Exercise instructions
Reply with every entry, repeated exactly as given.

Extracted data entries
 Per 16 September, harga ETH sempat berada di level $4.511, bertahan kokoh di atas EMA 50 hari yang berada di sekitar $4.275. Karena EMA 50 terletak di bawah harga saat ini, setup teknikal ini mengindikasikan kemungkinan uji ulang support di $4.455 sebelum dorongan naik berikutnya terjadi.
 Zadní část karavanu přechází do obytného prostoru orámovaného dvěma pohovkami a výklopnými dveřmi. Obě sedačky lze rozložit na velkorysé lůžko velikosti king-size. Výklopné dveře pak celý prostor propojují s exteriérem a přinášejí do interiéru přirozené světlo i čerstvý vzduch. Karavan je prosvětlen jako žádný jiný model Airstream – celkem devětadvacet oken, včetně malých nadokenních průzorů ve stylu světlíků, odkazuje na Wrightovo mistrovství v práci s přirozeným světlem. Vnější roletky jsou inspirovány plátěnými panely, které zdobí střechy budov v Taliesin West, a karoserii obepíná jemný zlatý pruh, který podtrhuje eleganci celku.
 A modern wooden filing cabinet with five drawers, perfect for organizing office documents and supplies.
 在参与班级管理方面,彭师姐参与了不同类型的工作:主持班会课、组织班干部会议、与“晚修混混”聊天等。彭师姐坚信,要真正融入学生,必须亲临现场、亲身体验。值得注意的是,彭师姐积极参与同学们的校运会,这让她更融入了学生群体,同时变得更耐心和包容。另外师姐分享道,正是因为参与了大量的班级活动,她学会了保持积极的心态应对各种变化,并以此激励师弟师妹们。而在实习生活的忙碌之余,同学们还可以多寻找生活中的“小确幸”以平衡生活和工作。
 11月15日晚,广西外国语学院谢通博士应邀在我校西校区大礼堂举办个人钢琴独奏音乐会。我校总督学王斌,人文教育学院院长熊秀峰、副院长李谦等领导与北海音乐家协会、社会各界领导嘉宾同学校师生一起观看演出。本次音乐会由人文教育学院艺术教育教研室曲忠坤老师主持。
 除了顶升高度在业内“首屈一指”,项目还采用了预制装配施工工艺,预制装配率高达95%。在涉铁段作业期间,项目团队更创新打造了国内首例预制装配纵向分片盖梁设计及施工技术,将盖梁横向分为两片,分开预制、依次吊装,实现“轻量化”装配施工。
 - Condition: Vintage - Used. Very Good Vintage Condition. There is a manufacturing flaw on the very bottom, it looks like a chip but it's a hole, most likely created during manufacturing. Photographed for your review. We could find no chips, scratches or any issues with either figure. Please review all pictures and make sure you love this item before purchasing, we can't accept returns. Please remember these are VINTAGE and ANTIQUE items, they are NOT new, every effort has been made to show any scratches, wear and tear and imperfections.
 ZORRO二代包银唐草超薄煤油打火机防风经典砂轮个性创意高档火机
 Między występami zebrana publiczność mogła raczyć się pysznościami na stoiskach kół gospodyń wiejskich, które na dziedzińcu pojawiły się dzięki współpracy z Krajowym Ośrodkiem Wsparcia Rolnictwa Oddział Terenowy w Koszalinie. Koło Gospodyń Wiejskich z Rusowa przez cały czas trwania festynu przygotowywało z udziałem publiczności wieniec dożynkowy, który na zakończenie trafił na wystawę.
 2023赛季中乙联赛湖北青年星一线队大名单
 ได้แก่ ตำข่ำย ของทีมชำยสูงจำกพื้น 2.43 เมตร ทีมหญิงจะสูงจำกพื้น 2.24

Exercise answer
 Per 16 September, harga ETH sempat berada di level $4.511, bertahan kokoh di atas EMA 50 hari yang berada di sekitar $4.275. Karena EMA 50 terletak di bawah harga saat ini, setup teknikal ini mengindikasikan kemungkinan uji ulang support di $4.455 sebelum dorongan naik berikutnya terjadi.
 Zadní část karavanu přechází do obytného prostoru orámovaného dvěma pohovkami a výklopnými dveřmi. Obě sedačky lze rozložit na velkorysé lůžko velikosti king-size. Výklopné dveře pak celý prostor propojují s exteriérem a přinášejí do interiéru přirozené světlo i čerstvý vzduch. Karavan je prosvětlen jako žádný jiný model Airstream – celkem devětadvacet oken, včetně malých nadokenních průzorů ve stylu světlíků, odkazuje na Wrightovo mistrovství v práci s přirozeným světlem. Vnější roletky jsou inspirovány plátěnými panely, které zdobí střechy budov v Taliesin West, a karoserii obepíná jemný zlatý pruh, který podtrhuje eleganci celku.
 A modern wooden filing cabinet with five drawers, perfect for organizing office documents and supplies.
 在参与班级管理方面,彭师姐参与了不同类型的工作:主持班会课、组织班干部会议、与“晚修混混”聊天等。彭师姐坚信,要真正融入学生,必须亲临现场、亲身体验。值得注意的是,彭师姐积极参与同学们的校运会,这让她更融入了学生群体,同时变得更耐心和包容。另外师姐分享道,正是因为参与了大量的班级活动,她学会了保持积极的心态应对各种变化,并以此激励师弟师妹们。而在实习生活的忙碌之余,同学们还可以多寻找生活中的“小确幸”以平衡生活和工作。
 11月15日晚,广西外国语学院谢通博士应邀在我校西校区大礼堂举办个人钢琴独奏音乐会。我校总督学王斌,人文教育学院院长熊秀峰、副院长李谦等领导与北海音乐家协会、社会各界领导嘉宾同学校师生一起观看演出。本次音乐会由人文教育学院艺术教育教研室曲忠坤老师主持。
 除了顶升高度在业内“首屈一指”,项目还采用了预制装配施工工艺,预制装配率高达95%。在涉铁段作业期间,项目团队更创新打造了国内首例预制装配纵向分片盖梁设计及施工技术,将盖梁横向分为两片,分开预制、依次吊装,实现“轻量化”装配施工。
 - Condition: Vintage - Used. Very Good Vintage Condition. There is a manufacturing flaw on the very bottom, it looks like a chip but it's a hole, most likely created during manufacturing. Photographed for your review. We could find no chips, scratches or any issues with either figure. Please review all pictures and make sure you love this item before purchasing, we can't accept returns. Please remember these are VINTAGE and ANTIQUE items, they are NOT new, every effort has been made to show any scratches, wear and tear and imperfections.
 ZORRO二代包银唐草超薄煤油打火机防风经典砂轮个性创意高档火机
 Między występami zebrana publiczność mogła raczyć się pysznościami na stoiskach kół gospodyń wiejskich, które na dziedzińcu pojawiły się dzięki współpracy z Krajowym Ośrodkiem Wsparcia Rolnictwa Oddział Terenowy w Koszalinie. Koło Gospodyń Wiejskich z Rusowa przez cały czas trwania festynu przygotowywało z udziałem publiczności wieniec dożynkowy, który na zakończenie trafił na wystawę.
 2023赛季中乙联赛湖北青年星一线队大名单
 ได้แก่ ตำข่ำย ของทีมชำยสูงจำกพื้น 2.43 เมตร ทีมหญิงจะสูงจำกพื้น 2.24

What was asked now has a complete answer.